[Extracted records]

------

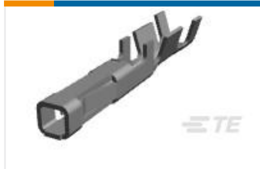
TE Part #1-794610-2 MICRO MNL RPT CNT,LS PC 30AU L
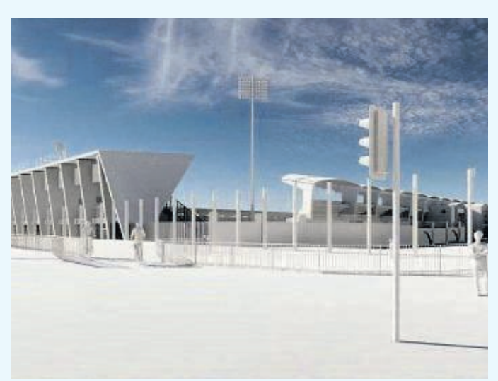
Tenders have been issued to contractors for works on a new spectator grandstand at Tallaght Stadium
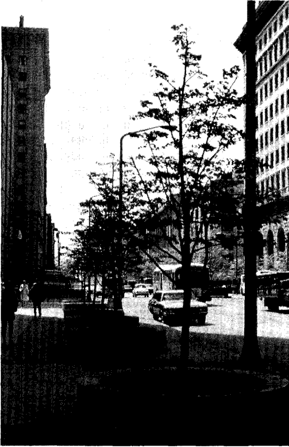
Fig. 1. The problems associated with moisture and temperature stress are frequently more pronounced when urban trees are grown in above-ground planters.

with water absorption and have a toxic effect on photosynthesis, respiration, protein synthesis and carbohydrate metabolism. Another important consideration in urban trees is the accumulation of potentially toxic concentrations of heavy metals such as mercury, lead and zinc.
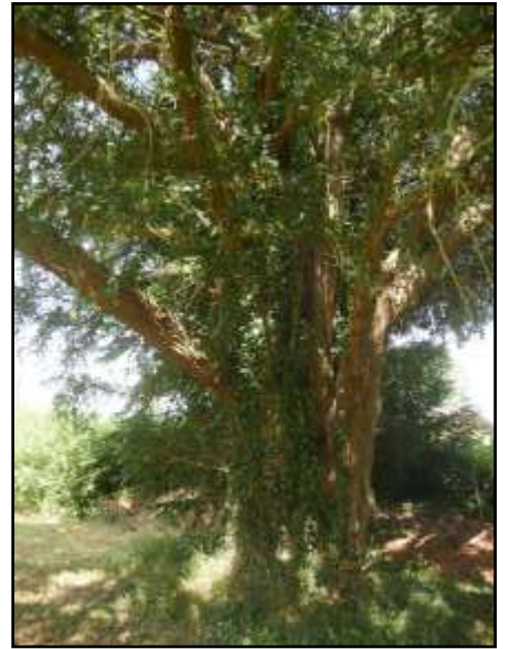
Tree 15 - 12' 11" at 1' over ivy The only female
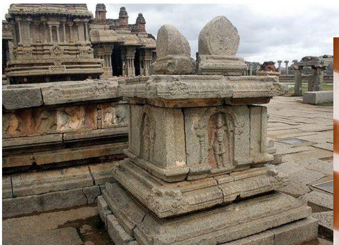
Figure 1: Tulsi katta at Vijay Vittala, Hampi, Karnataka.

These religious feelings of the Hindus reflect in their architectural designs. For instance, a “Tulsi Katta” a holy pot for Basil plant is the tradition of every Indian house since centuries ago. Basil plant possesses many medicinal properties and is worshiped every day and hence is believed to bring in good health.
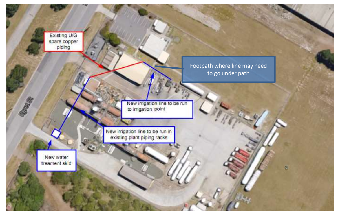
Figure 5-1: Proposed irrigation pipework system diagram

A new segment of the irrigation line is to be installed. The pipeline will be run above-ground to the irrigation point aboveground as shown in Figure 5-1. Where required, such as where there is an existing footpath, it will be run underground for the short distance using directional drilling.
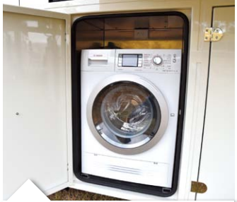
A Bosch washer/dryer is fitted into one of the external boxes.
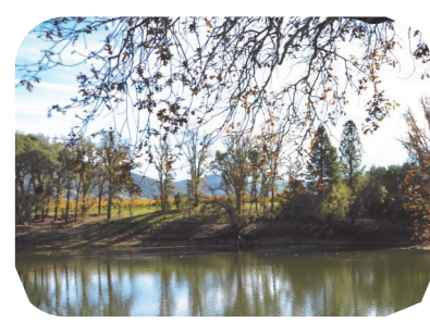
Beautiful pond for canoeing

This new acreage, located on the northwest property line of the home ranch, is an amazing piece of land that we have had our eye on for several years. With 13 acres of certified organic Chardonnay and 15 acres of Cab, a 49 acre-foot lake, 16 different fruit trees and an organic garden, this opportunity
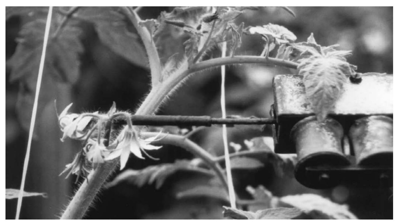
Touch the pollinator wand to the upper side of each pedicel (flower stem). Do not touch individual flowers.

In a hobby greenhouse, the expense of a pollinator is probably not necessary. You can purchase an electric polli-
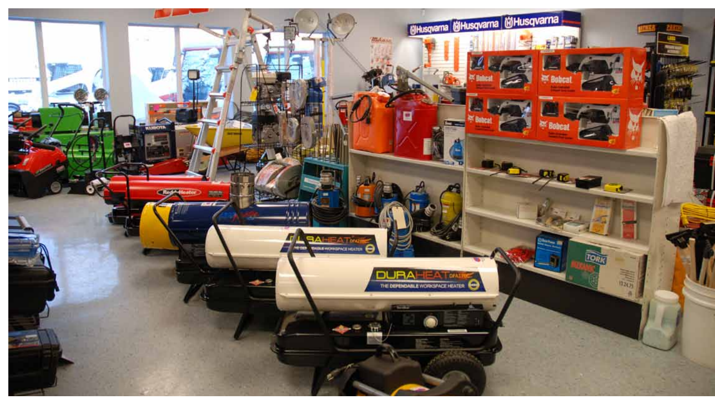
Equipment rental is a core business activity

Transportation in the north is also a trial. At times, pulling out all the stops, the very minimum delivery period to Yellowknife can be as much as three or four days. When flying is possible it is too expensive for run of the mill deliveries so most things come by truck. To get across the McKenzie River in summer means a ferry ride. In winter, the ferry manages to break up the ice long enough for an ice road to be constructed across the river at which time the ferry is mothballed until spring. But when the ice begins to melt, there is a period when there is neither ice road nor ferry, and consequently no deliveries except by air. While the McKenzie River bridge, scheduled for completion in late 2012, will improve the reliability of deliveries, the
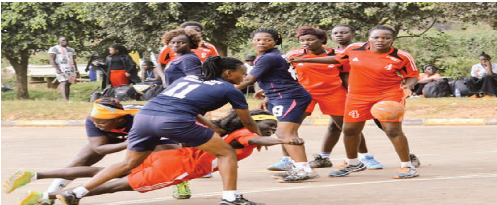
The Prisons Ladies handball team (in red) in action during the National handball
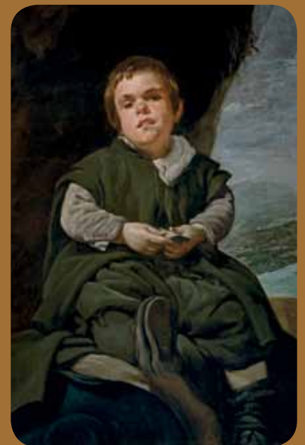
Diego Velázquez | Francisco Lezcano, known as ‘the boy from Vallecas’ (Francisco Lezcano, ‘el Niño de Vallecas’) (detail) c. 1636–38

Physically unique people in Spanish society were sometimes given a place in the royal court as jesters or buffoons. They were seen as curiosities and evidence of the variety of human experience.
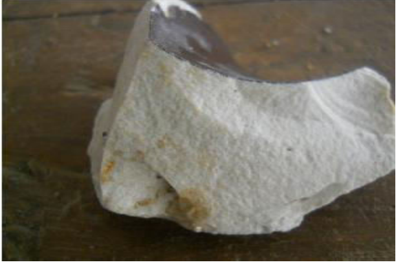
Fig.3: Wide range of pore size grains in the ceramic aggregate

pore structure is compacted and even crushing of these will not wide opens. So, due to this reason water absorption has increased little in ceramic scrap. Ceramic scrap has porcelain cover over the top surface, deglazing was done partially during chiseling and crushing. Partial deglazing of ceramic waste surface is influencing the water absorption property (see Fig 3&4). Table no 1 presents the comparison of physical properties of ceramic waste aggregate and crushed granite coarse aggregate. All the properties were well within the acceptable range for coarse aggregates and hence the ceramic waste aggregate can be safely used in concrete making.
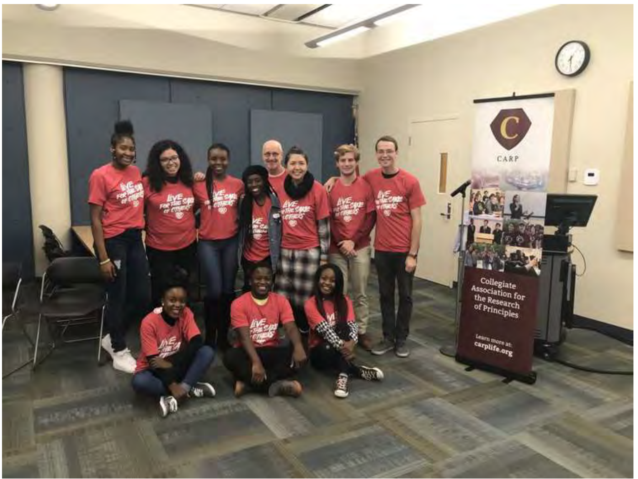
CARP Grand Rapids is fully decked out with the National CARP gear.

We arrived on Grand Rapids Community College (GRCC) campus on October 31st. On GRCC campus, they have screens advertising their upcoming events and club activities. The first thing we noticed was that CARP was on those screens!
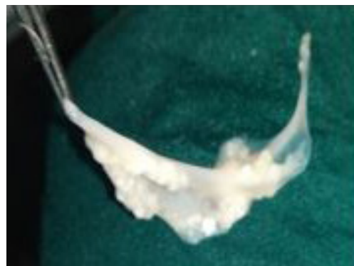
Figure 4: Proscolices in clusters attached to the internal surface
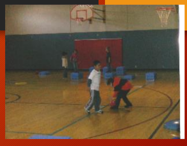
Physical Education (PE)
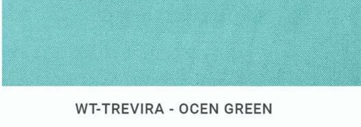
WT-TREVIRA - OCEN GREEN
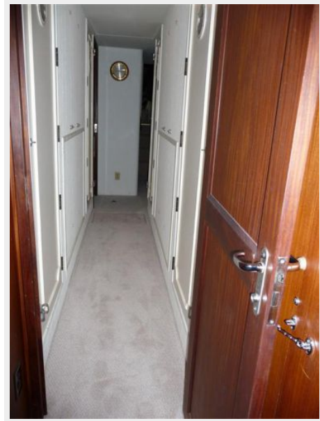
Companionway Looking Forward
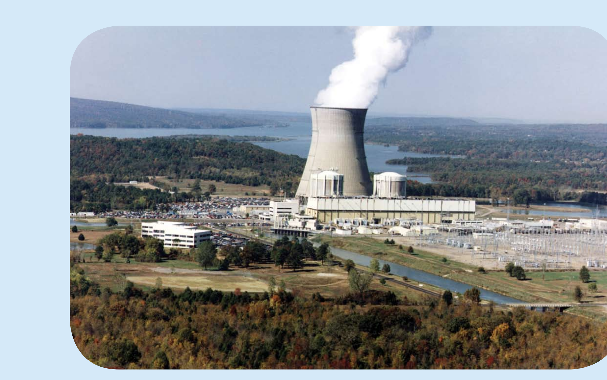
Arkansas Nuclear One, Unit 1
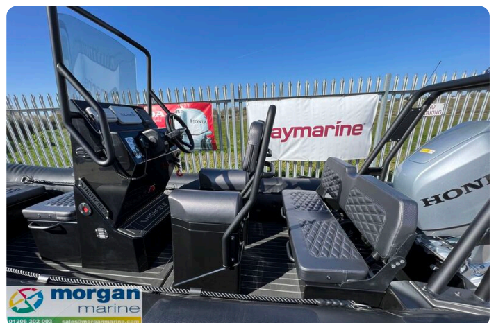
Highfield Patrol 500 aluminium RIB - jockey seats and aft bench seat
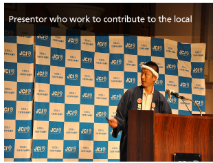
Presenter who work to contribute to the local
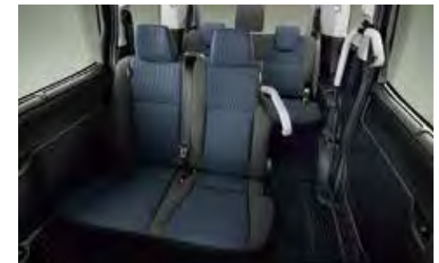
Inside the cabin of the Weljoin
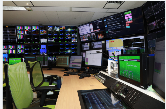
Production working space

The new KVM system would positively aid operators' efficiency by providing them with stable transmission and seamless switching of high resolution video from multiple broadcast devices and control servers. The signals have
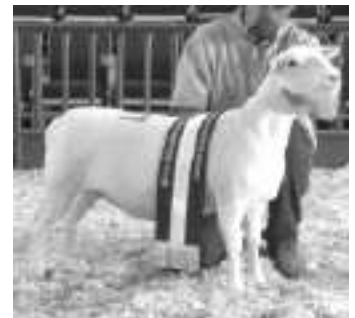
Champion White Dorper Ewe Riverwood Farms, Ohio
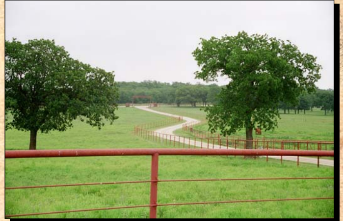
Beautiful rolling terrain & bottom land with coastal bermuda & scattered trees
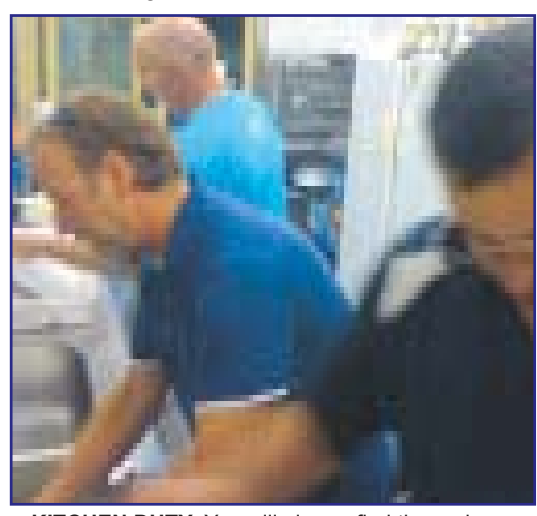
• KITCHEN DUTY: You will always find the real men in the kitchen.
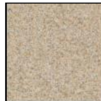
Sanded Vermillion Minimum 3%
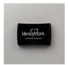
Versamark Pad -102283
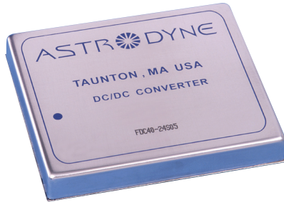
Unit measures 2.0"W x 2.0"L x 0.4"H
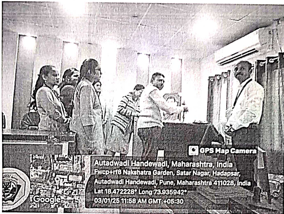
Lightening of lamps and Savitribai Phule Pratima poojan On the Occasion of Savitribai Phule Jayanti
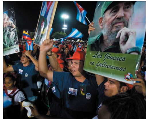
The youth will not fail
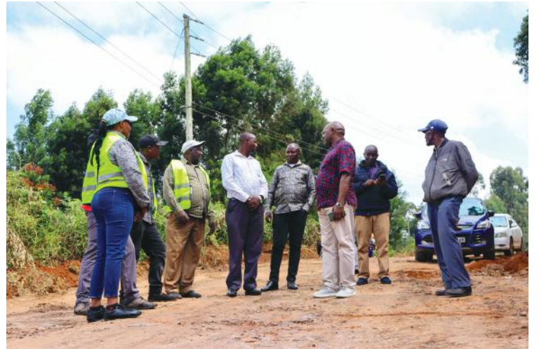
Othaya MP inspecting a road under construction.

Apart from the projects funded by the government, the MP through his foundation has been in the forefront of building decent houses to the less privileged where more than 300 households have benefited as well as
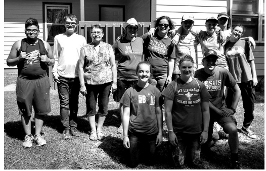
Zion youth and adults repaired homes for the people living on the Northern Cheyenne reservation. GOD'S WORK. OUR HANDS.
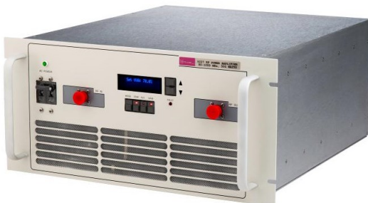
FE Model Shown

Specifications subject to change without notice.
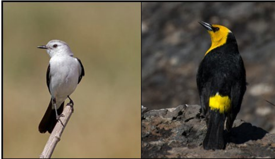
Black-and-white Monjita and Saffron-cowled Blackbird.
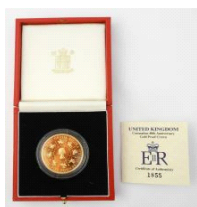
Lot # 681
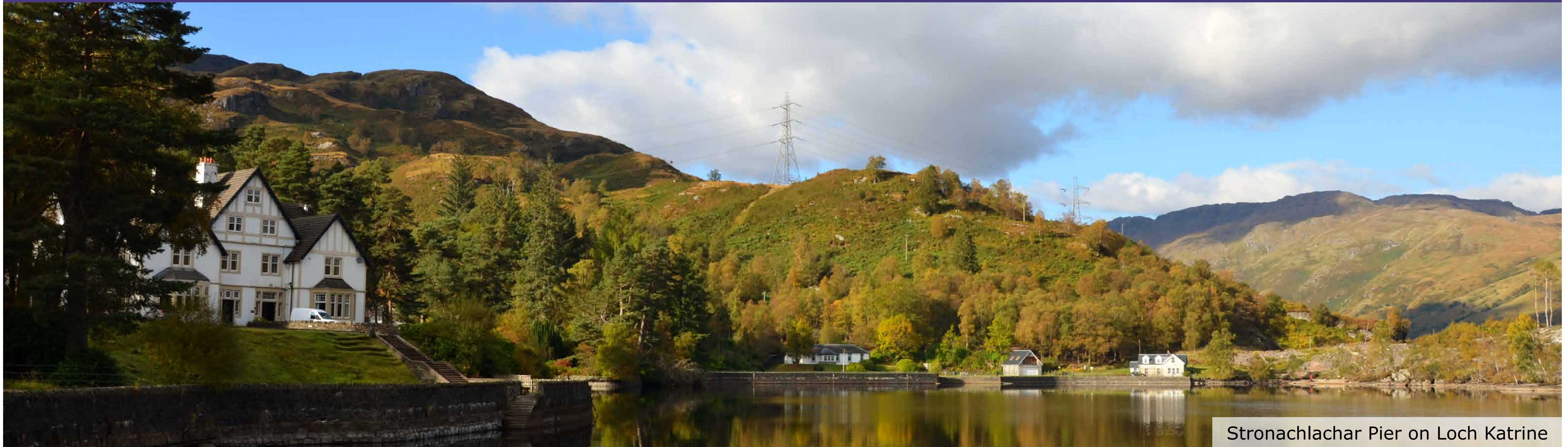
Stronachlachar Pier on Loch Katrine
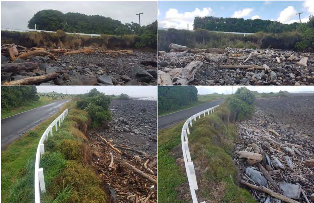
Photo 8 Bayly Road erosion, 11 May 2018 (left) and 12 April 2019 (right)

An inspection of the Bayly Road seawall was undertaken on 12 April 2019. As per the previous inspection, there were a number of sections along the scarp where scour and erosion were evident. This appeared to be a result of decreased wave protection due to slumping and/or loss of material from the seawall. Significant erosion at the intersection between Bayly and Coast Roads was still evident although the scarp was now covered with overgrown grass (Photo 8). The repair works which had been planned in the previous year had not been carried out. No wider environmental effects were apparent. The current state of this structure is non-compliant with resource consent 5512-2.
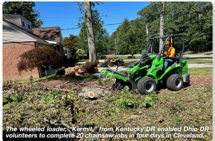
The wheeled loader, "Kermit," from Kentucky DR enabled Ohio DR volunteers to complete 20 chainsaw jobs in four days in Cleveland.
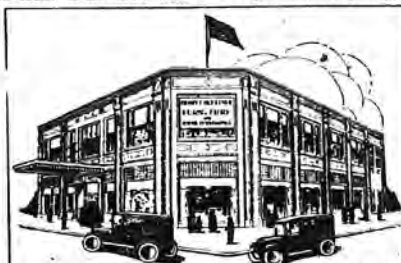
Broadway and Marie St., May, 1923
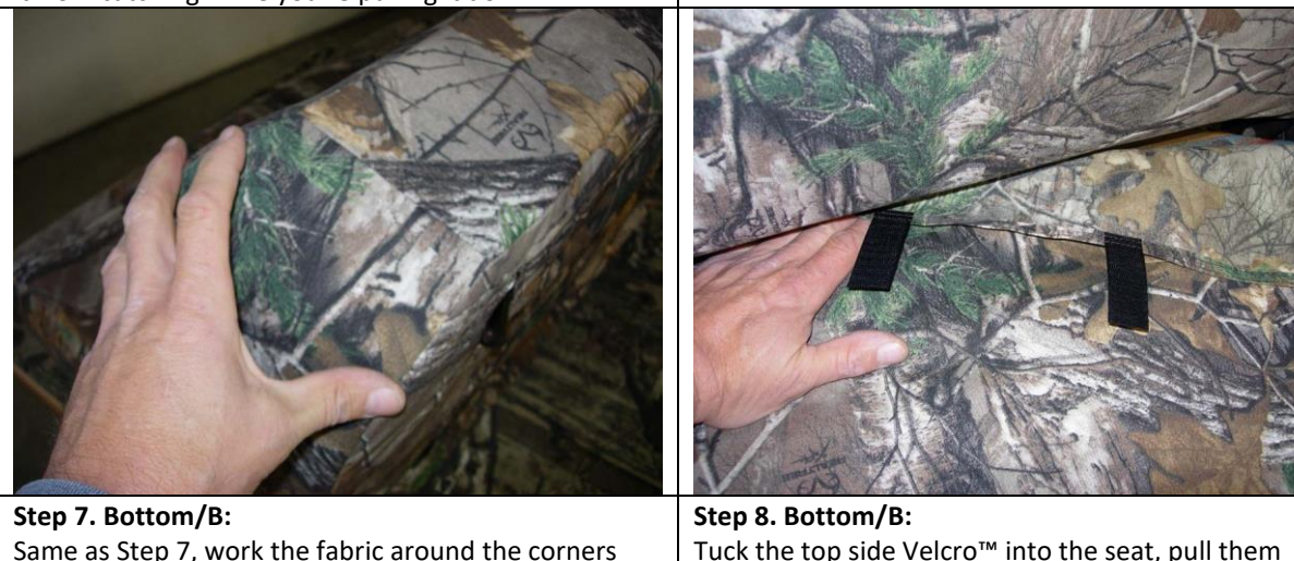
Same as Step 7, work the fabric around the corners and line up the seams.
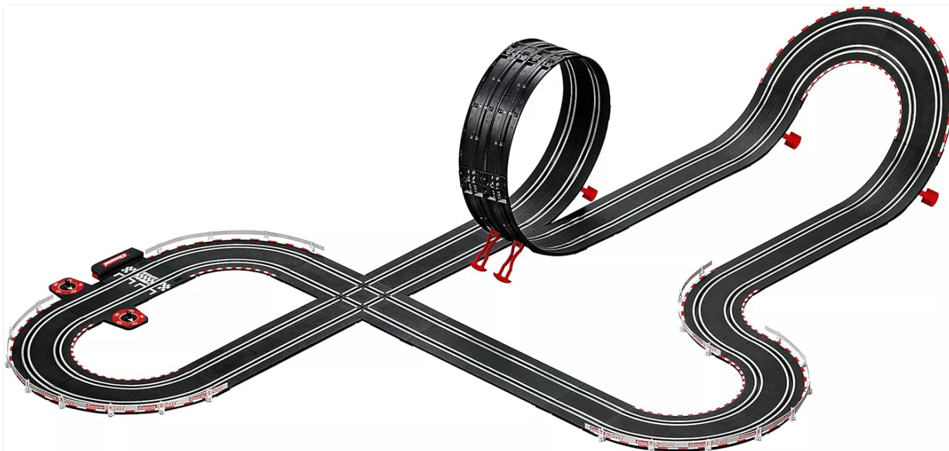
Image: A fully assembled Carrera GO!!! Max Performance track, showcasing its various elements including the loop, intersection, and banked curve.
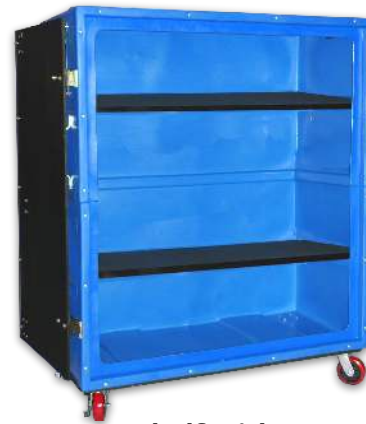
One Lower Shelf With 32" Upper Level and 16" Lower Level
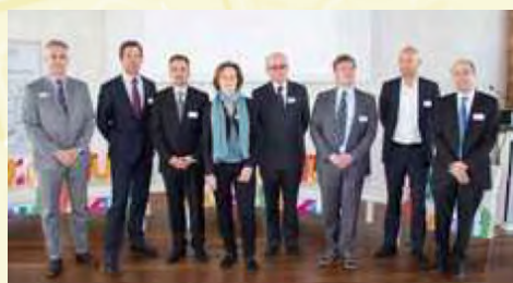
Panelists and speakers at the event "Enforcement of Patents," at Vienna University of Technology.

------

Please transcribe each entry exactly and exclude any image it contains.

*Output of the task*
TE Part #1-794610-2 MICRO MNL RPT CNT,LS PC 30AU L
Tenders have been issued to contractors for works on a new spectator grandstand at Tallaght Stadium
Fig. 1. The problems associated with moisture and temperature stress are frequently more pronounced when urban trees are grown in above-ground planters.

with water absorption and have a toxic effect on photosynthesis, respiration, protein synthesis and carbohydrate metabolism. Another important consideration in urban trees is the accumulation of potentially toxic concentrations of heavy metals such as mercury, lead and zinc.
Tree 15 - 12' 11" at 1' over ivy The only female
Figure 1: Tulsi katta at Vijay Vittala, Hampi, Karnataka.

These religious feelings of the Hindus reflect in their architectural designs. For instance, a “Tulsi Katta” a holy pot for Basil plant is the tradition of every Indian house since centuries ago. Basil plant possesses many medicinal properties and is worshiped every day and hence is believed to bring in good health.
Figure 5-1: Proposed irrigation pipework system diagram

A new segment of the irrigation line is to be installed. The pipeline will be run above-ground to the irrigation point aboveground as shown in Figure 5-1. Where required, such as where there is an existing footpath, it will be run underground for the short distance using directional drilling.
A Bosch washer/dryer is fitted into one of the external boxes.
Beautiful pond for canoeing

This new acreage, located on the northwest property line of the home ranch, is an amazing piece of land that we have had our eye on for several years. With 13 acres of certified organic Chardonnay and 15 acres of Cab, a 49 acre-foot lake, 16 different fruit trees and an organic garden, this opportunity
Touch the pollinator wand to the upper side of each pedicel (flower stem). Do not touch individual flowers.

In a hobby greenhouse, the expense of a pollinator is probably not necessary. You can purchase an electric polli-
Equipment rental is a core business activity

Transportation in the north is also a trial. At times, pulling out all the stops, the very minimum delivery period to Yellowknife can be as much as three or four days. When flying is possible it is too expensive for run of the mill deliveries so most things come by truck. To get across the McKenzie River in summer means a ferry ride. In winter, the ferry manages to break up the ice long enough for an ice road to be constructed across the river at which time the ferry is mothballed until spring. But when the ice begins to melt, there is a period when there is neither ice road nor ferry, and consequently no deliveries except by air. While the McKenzie River bridge, scheduled for completion in late 2012, will improve the reliability of deliveries, the
The Prisons Ladies handball team (in red) in action during the National handball
Diego Velázquez | Francisco Lezcano, known as ‘the boy from Vallecas’ (Francisco Lezcano, ‘el Niño de Vallecas’) (detail) c. 1636–38

Physically unique people in Spanish society were sometimes given a place in the royal court as jesters or buffoons. They were seen as curiosities and evidence of the variety of human experience.
Fig.3: Wide range of pore size grains in the ceramic aggregate

pore structure is compacted and even crushing of these will not wide opens. So, due to this reason water absorption has increased little in ceramic scrap. Ceramic scrap has porcelain cover over the top surface, deglazing was done partially during chiseling and crushing. Partial deglazing of ceramic waste surface is influencing the water absorption property (see Fig 3&4). Table no 1 presents the comparison of physical properties of ceramic waste aggregate and crushed granite coarse aggregate. All the properties were well within the acceptable range for coarse aggregates and hence the ceramic waste aggregate can be safely used in concrete making.
CARP Grand Rapids is fully decked out with the National CARP gear.

We arrived on Grand Rapids Community College (GRCC) campus on October 31st. On GRCC campus, they have screens advertising their upcoming events and club activities. The first thing we noticed was that CARP was on those screens!
Figure 4: Proscolices in clusters attached to the internal surface
Physical Education (PE)
WT-TREVIRA - OCEN GREEN
Companionway Looking Forward
Arkansas Nuclear One, Unit 1
Highfield Patrol 500 aluminium RIB - jockey seats and aft bench seat
Presenter who work to contribute to the local
Inside the cabin of the Weljoin
Production working space

The new KVM system would positively aid operators' efficiency by providing them with stable transmission and seamless switching of high resolution video from multiple broadcast devices and control servers. The signals have
Champion White Dorper Ewe Riverwood Farms, Ohio
Beautiful rolling terrain & bottom land with coastal bermuda & scattered trees
• KITCHEN DUTY: You will always find the real men in the kitchen.
Sanded Vermillion Minimum 3%
Versamark Pad -102283
Unit measures 2.0"W x 2.0"L x 0.4"H
Lightening of lamps and Savitribai Phule Pratima poojan On the Occasion of Savitribai Phule Jayanti
The youth will not fail
Othaya MP inspecting a road under construction.

Apart from the projects funded by the government, the MP through his foundation has been in the forefront of building decent houses to the less privileged where more than 300 households have benefited as well as
Zion youth and adults repaired homes for the people living on the Northern Cheyenne reservation. GOD'S WORK. OUR HANDS.
FE Model Shown

Specifications subject to change without notice.
Black-and-white Monjita and Saffron-cowled Blackbird.
Lot # 681
Stronachlachar Pier on Loch Katrine
Photo 8 Bayly Road erosion, 11 May 2018 (left) and 12 April 2019 (right)

An inspection of the Bayly Road seawall was undertaken on 12 April 2019. As per the previous inspection, there were a number of sections along the scarp where scour and erosion were evident. This appeared to be a result of decreased wave protection due to slumping and/or loss of material from the seawall. Significant erosion at the intersection between Bayly and Coast Roads was still evident although the scarp was now covered with overgrown grass (Photo 8). The repair works which had been planned in the previous year had not been carried out. No wider environmental effects were apparent. The current state of this structure is non-compliant with resource consent 5512-2.
The wheeled loader, "Kermit," from Kentucky DR enabled Ohio DR volunteers to complete 20 chainsaw jobs in four days in Cleveland.
Broadway and Marie St., May, 1923
Same as Step 7, work the fabric around the corners and line up the seams.
Image: A fully assembled Carrera GO!!! Max Performance track, showcasing its various elements including the loop, intersection, and banked curve.
One Lower Shelf With 32" Upper Level and 16" Lower Level
Panelists and speakers at the event "Enforcement of Patents," at Vienna University of Technology.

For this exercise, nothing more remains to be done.